Strabo (p. 665), whose description proceeds from west to east, after the promontory Telmissus, mentions Anticragus, on which is Carmylessus, and then Cragus, which has eight summits (or he may mean capes), and a city of the same name. Pinara, in the interior, was at the base of Cragus. There are coins of the town Cragus of the Roman imperial period, with the epigraph Λυκιων Κρ. or Κρα. or Κραγ. The range of Anticragus and Cragus is represented in the map in Spratt and Forbes as running south from the neighbourhood of Telmissus, and forming the western boundary of the lower basin of the river Xanthus. The southern part is Cragus. The direction of the range shows that it must abut on the sea in bold headlands. In Francis Beaufort's map of the coast of Karamania, the Anticragus is marked 6000 feet high. Beaufort's examination of this coast began at Yediburun (Yedy-Booroon), which means "the Seven Capes", a knot of high and rugged mountains that appear to have been the ancient Mount Cragus of Lycia. The ruins of Pinara are where Strabo describes them, on the east side of this range, about halfway between Telmissus and the termination of the range on the south coast. There is a pass leading between the summits of Cragus and Anticragus. Between the two chief peaks is a plain 4000 feet above the sea; and above it rises the highest peak of Cragus, more than 2500 feet above this elevated plain. The first half of the ascent from the plain is through a thick forest, and the remainder over bare rock. From the summit there is a view of the whole plain of Xanthus, and of the gorges of the Massicytus, which lies east of it. The side towards the sea is so steep, that from this lofty summit the waves are seen breaking white against the base of this precipitous mountain mass. It appears that Strabo is right when he describes a valley or depression as separating Anticragus and Cragus; and the highest part, which towers above the sea at the Seven Capes, seems to be the eight summits that Strabo speaks of.
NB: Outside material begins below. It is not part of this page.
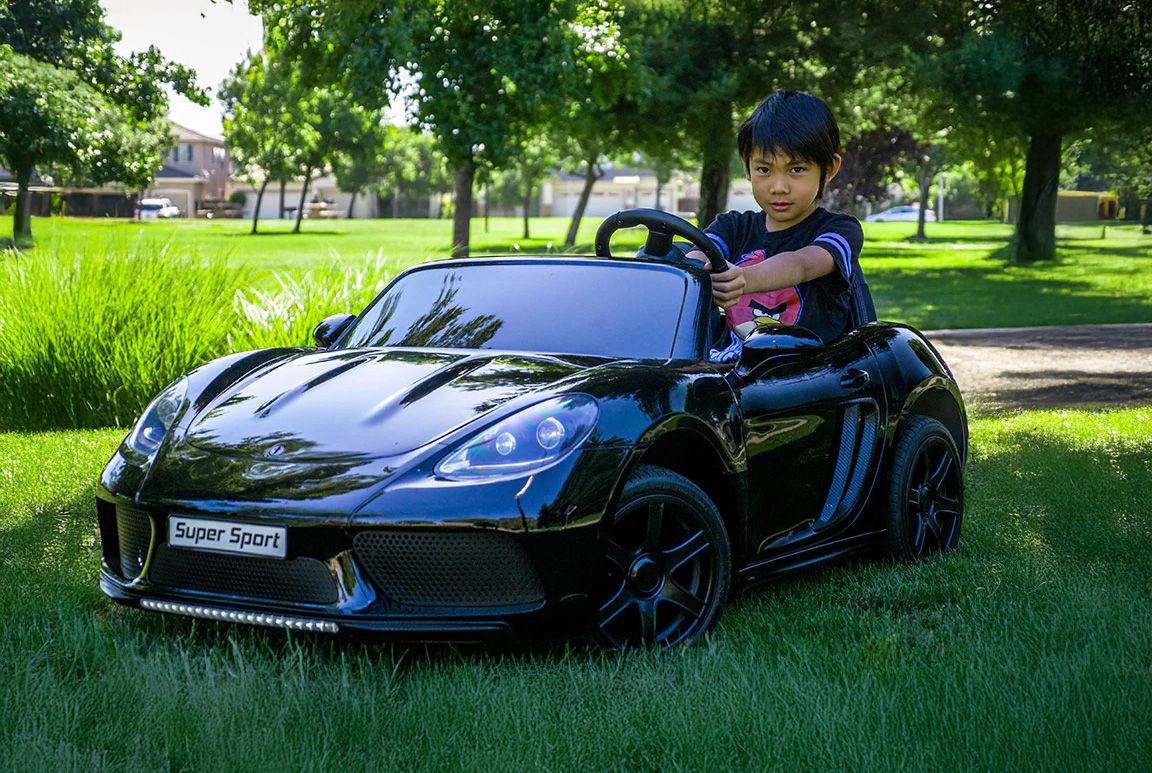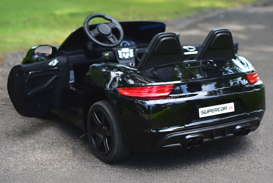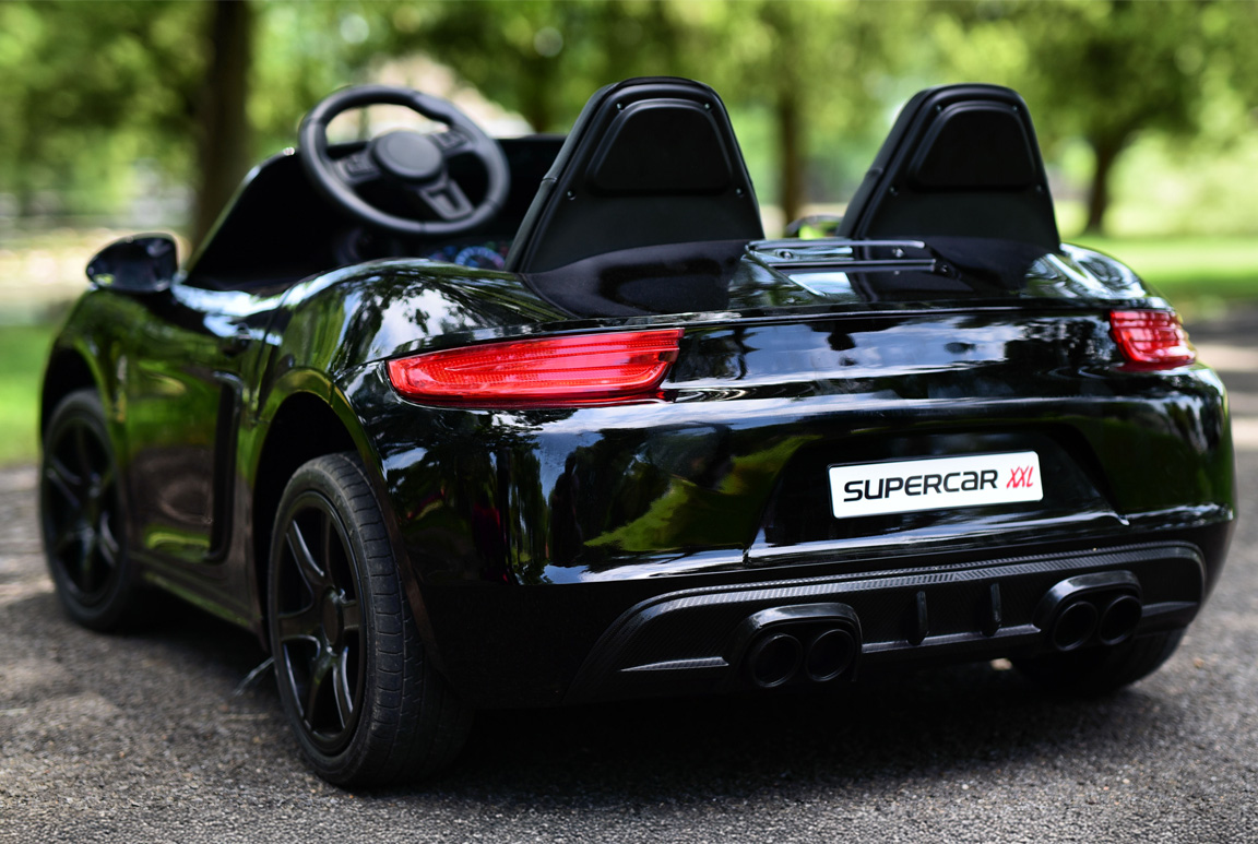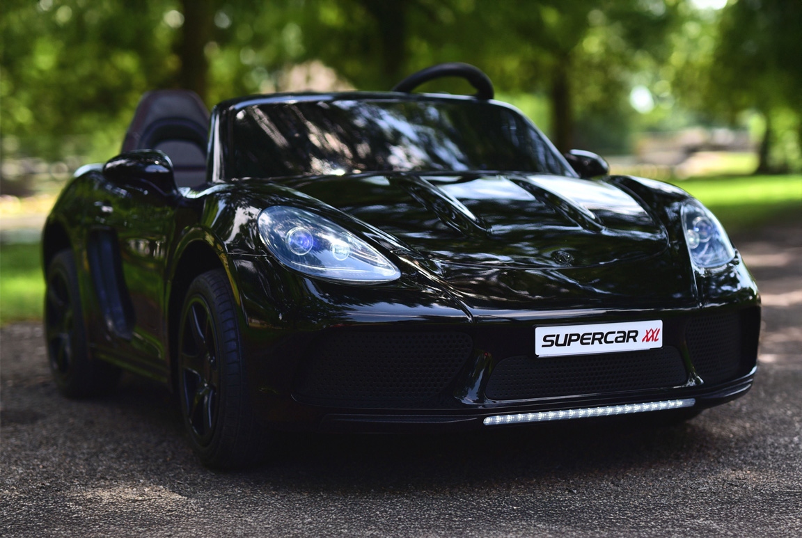 Vi præsenterer her markedets største sportsvogn, Super Sportscar XL, der er bygget og designet efter den legendariske Porsche Cayman. Denne elbil har plads til to børn eller ét barn og en voksen med en samlet vægt på hele 100 kg. (vi har endda set fuldvoksne mennesker køre i den og stadig have benplads). Med sin størrelse og vægtkapacitet er denne elbil i en liga for sig selv!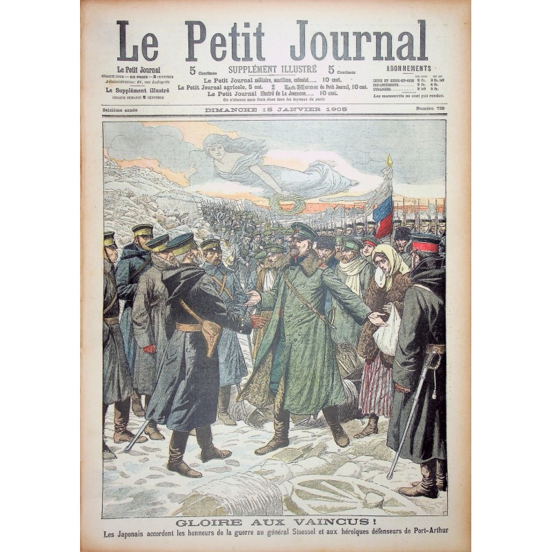 Le Petit Journal n° 739 de 1905 : Gloire aux vaincus, les japonais accordent... - Maroc, caravane d'Européens rentrant à Fez

There was a promontory Cragus, according to Scylax and Pliny the Elder (v. 27), which must be the Seven Capes. The Hiera Acra of the Stadiasmus seems also to be the Seven Capes. The position of the Cragus between Xanthus and Telmissus is mentioned by Pomponius Mela (i. 15), and he also probably means the same striking part of the range.

The rocks and forests of Cragus were embellished by poetic fictions as the occasional residence of Diana. Here, according to the authority quoted by Stephanus of Byzantium (s. v. Κράγος), were the so-called θεῶν ἀγρίων ἄντρα.